А что же сделала для последней — Рижская, Митавская и Ревельская14 культура? Особенного, кажется, ничего. Она берет все из-за Немана — и воображает, что в каждом Рижанине, Ревельце и Митавце — непременно кроется Кант, Гумбольт или Гете! Ах, добрые, наивные провинциалы! Чего им хочется? Слиться с Германиею: Боже сохрани! Они и руками и ногами от этого! Там, несмотря на парламентаризм, еще не умер режим Фридриха IIго15, — и этих милых баронов там скоро бы привели к одному знаменателю! Они это очень хорошо знают — и не хотят. Нет, им здесь, у нас, под рукой Русского царя живется привольно, почетно, выгодно! Им хочется сохранять status quo[5] своего угла, жить под крепкою охраною русской власти, своими феодальными привилегиями, брать чины, ордена, деньги, не сливаясь с Россией — ни верой, ни языком, сохраняя за собой значение, нравы и обычаи средневекового рыцарства и тихонько презирая Русских, — будто бы за некультурность. Неправда, это не презрение, а нерасположение, как я выше сказал, слабых к сильным, что нередко бывает. Но это очень некультурно со стороны слабых платить враждою сильным, когда эти последние их щадят и балуют!
Я познакомился с некоторыми из немецких баронов, и не баронов тоже — и правду говоря — не только не заметил никакой вражды: напротив, они показались мне очень порядочными, образованными, предупредительными джентльменами. Они сходятся с нами, Русскими, в парке, на музыке, играют в карты, говорят порядочно по-русски, а «иные, как скалозубовские офицеры, и по-французски!» Мне кажется, есть надежда, что они со временем исправятся, забудут всякий антагонизм — и взамен всех получаемых от России и из России благ — научат нас, Русских, своим, в самом деле завидным племенным качествам, недостающим Славянским расам — это persévérance[6] во всяком деле (не умею перевести persévérance) и систематичности. Вооружась этими качествами, мы тогда, и только тогда, покажем, какими природными силами и какими богатствами обладает Россия! Другому пока нам у остзейских культур-херов учиться нечему и занять ничего не приходится. Снабжает нас Рига своими прославленными сигарами: но как они плохи не только сравнительно с Гаванскими, но даже с культурными немецкими заграничного изделия сигарами! Я это изведал собственным опытом, куря, с горем пополам, рижский продукт (ибо Гаванские, с нынешним курсом — и не мне не по карману). Мне кажется даже — может быть — из патриотизма, что наши петербургские не хуже! Главным же перлом Рижской культуры — считается Кюммель16, и даже Доппельт-Кюммель, рассылаемый по всей Европе, и даже в Америку!

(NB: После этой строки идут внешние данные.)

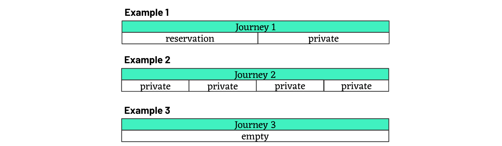 - Example 1: customer makes a reservation and company delivers vehicle to customer, then one trip point-to-point by customer, ending reservation at destination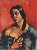 Amrita Sher-gil, Zelfportret met rode achtergrond, ca. 1930 van Atelier Liesjes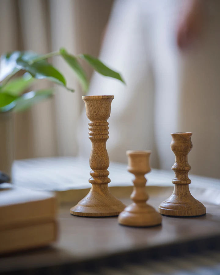 Crafted from smooth turned wood, this set of three candle holders brings a natural warmth and softly refined presence to lifestyle and homeware collections. Each holder features a subtly unique shape and gently rounded base, designed to work together or be styled individually across shelves, tables or mantlepieces. Presented in a soft cotton bag, they’re ideal for gifting.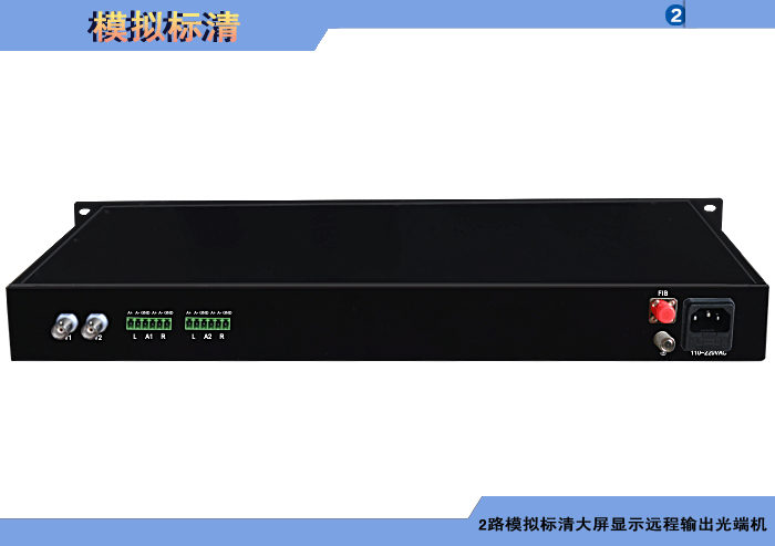 2路模擬標清視頻大屏顯示遠程輸出發射光端機,,模擬/數字音頻可選,單模/多模,1/2纖,ST/FC/SC/LC/SFP光接口,1U機架,通用型,非網管/網管/帶光纖數字診斷網管 |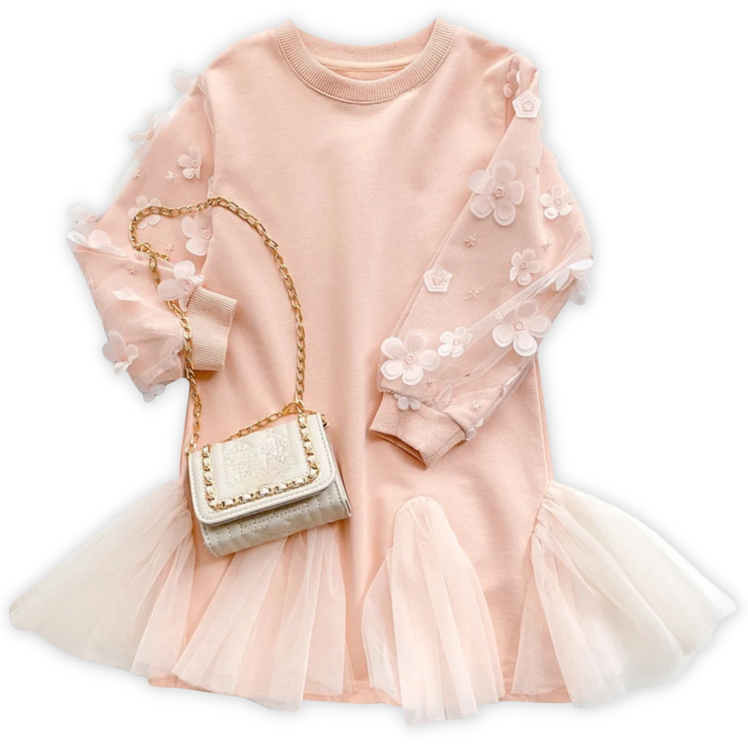 Floral Patch Lace Design Girls Long Sleeves Fashion Dress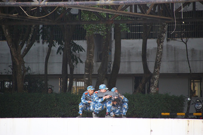 9159金沙游戏场军训活动即将落幕,为展现军训的成果,于12月4日在东区操场进行分列式汇演,大会主要由各学院普通方阵进行队列式汇报演出和活动展示,教务处处长助理李维欢、主管学校武装部主任谢金治验收此次军训成果。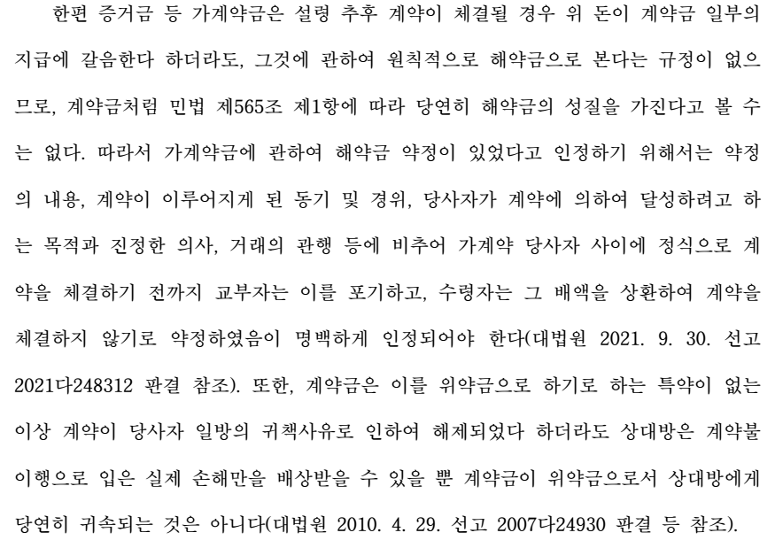 대법원의 판례에 의하면, 가계약금에 대하여 계약금처럼 해약금 약정이 있었다고 인정하기 위해서는 가계약 당사자 사이에 정식으로 계약을 체결하기 전까지 교부자(임차인 또는 매매계약의 매수인)는 이를 포기하고 수령자(임대인 또는 매도인)는 그 배액을 상환하여 계약을 체결하지 않기로 약정하였음이 명백하게 인정되어야 합니다.

Помню я этот Доппельт-Кюммель: лет шесть назад я хотел попробовать этой славы Риги и принял в себя рюмку: тут я помянул царя Давида и всю Кротость Его! Это все равно, что принять пару гвоздей в желудок. Как уживается этот яд с добрым пивом в немецких желудках — не понимаю!
Жиды здесь, по своему обыкновению, прососались всюду. Это какой-то всемирный цемент, но не скрепляющий, как подобает цементу, а разъедающий основы здания! Они и слесари, и портные, и сапожники и торгуют, чем ни попало, в ущерб, конечно, местной, не только Латышской, но и Немецкой промышленности! Ох, я боюсь, как бы их и здесь не побили! Их же развелось много: в одной Риге, на 200 тыс. жителей, их считается до 30 тысяч! Да кроме того, они наползают сюда из Витебска, Динабурга, Плоцка — как гости, на летний сезон.
Хороши гости! Когда они, в купальные часы, раздеваясь на морском берегу, разложат на целую версту свое ветхозаветное тряпье, то не знаешь, куда девать нос и глаза.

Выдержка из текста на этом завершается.